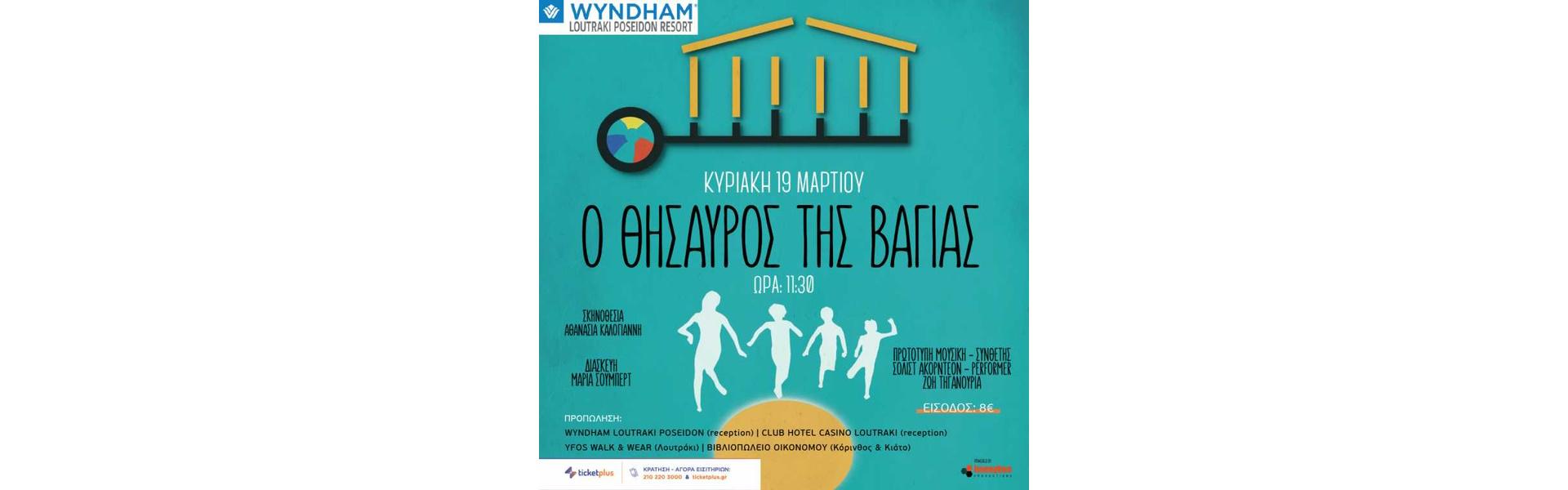 Με μεγάλη χαρά, αισιοδοξία και ενθουσιασμό η θεατρική ομάδα της Kids Theater υπό τις σκηνοθετικές οδηγίες της Αθανασίας Καλογιάννη θα ζωντανέψει στις 19 ΜΑΡΤΙΟΥ , 11:30 το πρωί, στο Wyndham Poseidon Loutraki Resort το πιο αγαπημένο βιβλίο των παιδικών μας χρόνων: τον Θησαυρό της Βαγίας της Ζωρζ Σαρή.
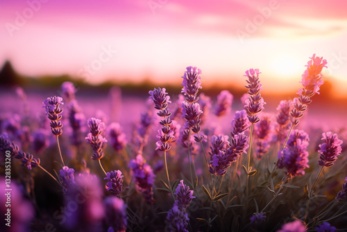 © Pakhnyushchyy, Naklejka premium lavender flowers. close up shot of lavender flowers. Blooming lavender in a field
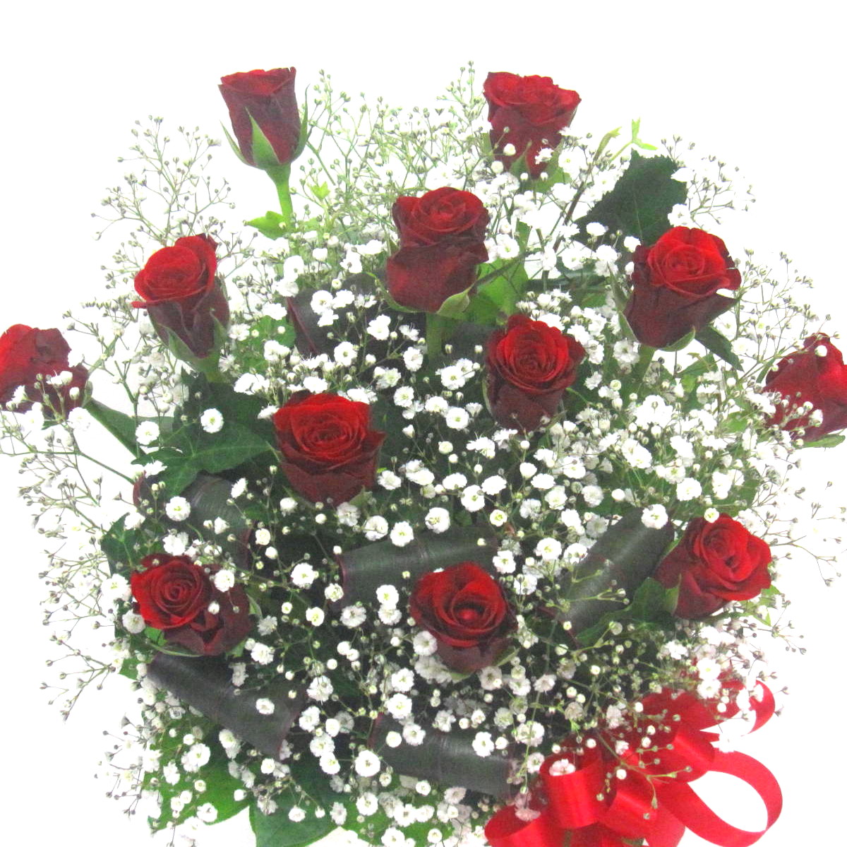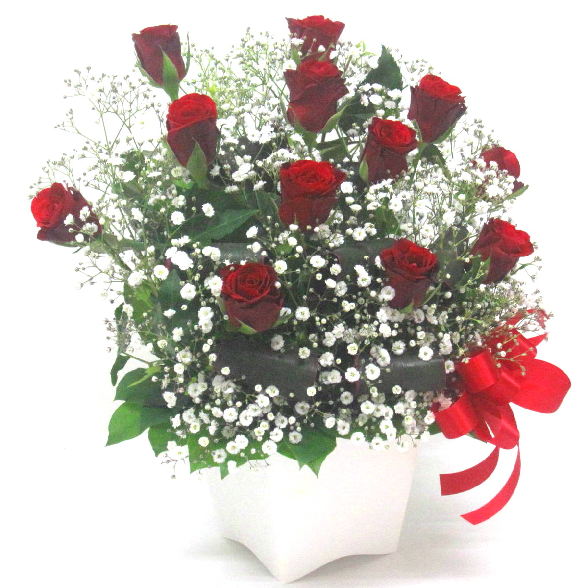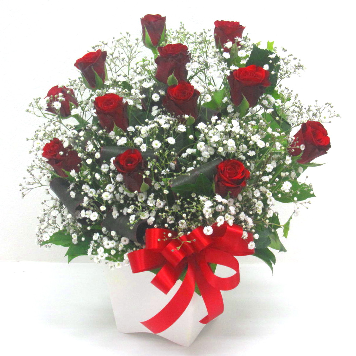 赤いバラを12本とかすみ草を入れた華やかなアレンジメント。特別な贈り物にいかがですか。【15時迄のご注文で翌日届きます】※こちらの商品についてのご相談、ご質問等ございましたら(メール)または(お電話)にて承ります。
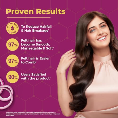 Detangled Frizz-free and Strenghthened Hair with WOW Skin Science Onion & Collagen Anti-hairfall Conditioner. It conditions and nourishes hair effectively to reduce breakage and split ends. Onion Collagen Shea Butter and Vitamin E help to improve hair strength and hair thickness. Onion has strong antioxidant properties that help protect hair. Collagen has amino acids that fortify the keratin structure of hair which improves hair strength. This prevents breakage split ends leading to reduced hairfall. Regular use ensures smooth frizz -free detangled hair. Shea butter and Vitamin E nourish and moisturize the strands and form a protective barrier that prevents damage.

WORK REQUIRED. Exact copy, no images: rewrite the entire listing above.

SOLUTION.
 Με μεγάλη χαρά, αισιοδοξία και ενθουσιασμό η θεατρική ομάδα της Kids Theater υπό τις σκηνοθετικές οδηγίες της Αθανασίας Καλογιάννη θα ζωντανέψει στις 19 ΜΑΡΤΙΟΥ , 11:30 το πρωί, στο Wyndham Poseidon Loutraki Resort το πιο αγαπημένο βιβλίο των παιδικών μας χρόνων: τον Θησαυρό της Βαγίας της Ζωρζ Σαρή.
 © Pakhnyushchyy, Naklejka premium lavender flowers. close up shot of lavender flowers. Blooming lavender in a field
 赤いバラを12本とかすみ草を入れた華やかなアレンジメント。特別な贈り物にいかがですか。【15時迄のご注文で翌日届きます】※こちらの商品についてのご相談、ご質問等ございましたら(メール)または(お電話)にて承ります。
 Detangled Frizz-free and Strenghthened Hair with WOW Skin Science Onion & Collagen Anti-hairfall Conditioner. It conditions and nourishes hair effectively to reduce breakage and split ends. Onion Collagen Shea Butter and Vitamin E help to improve hair strength and hair thickness. Onion has strong antioxidant properties that help protect hair. Collagen has amino acids that fortify the keratin structure of hair which improves hair strength. This prevents breakage split ends leading to reduced hairfall. Regular use ensures smooth frizz -free detangled hair. Shea butter and Vitamin E nourish and moisturize the strands and form a protective barrier that prevents damage.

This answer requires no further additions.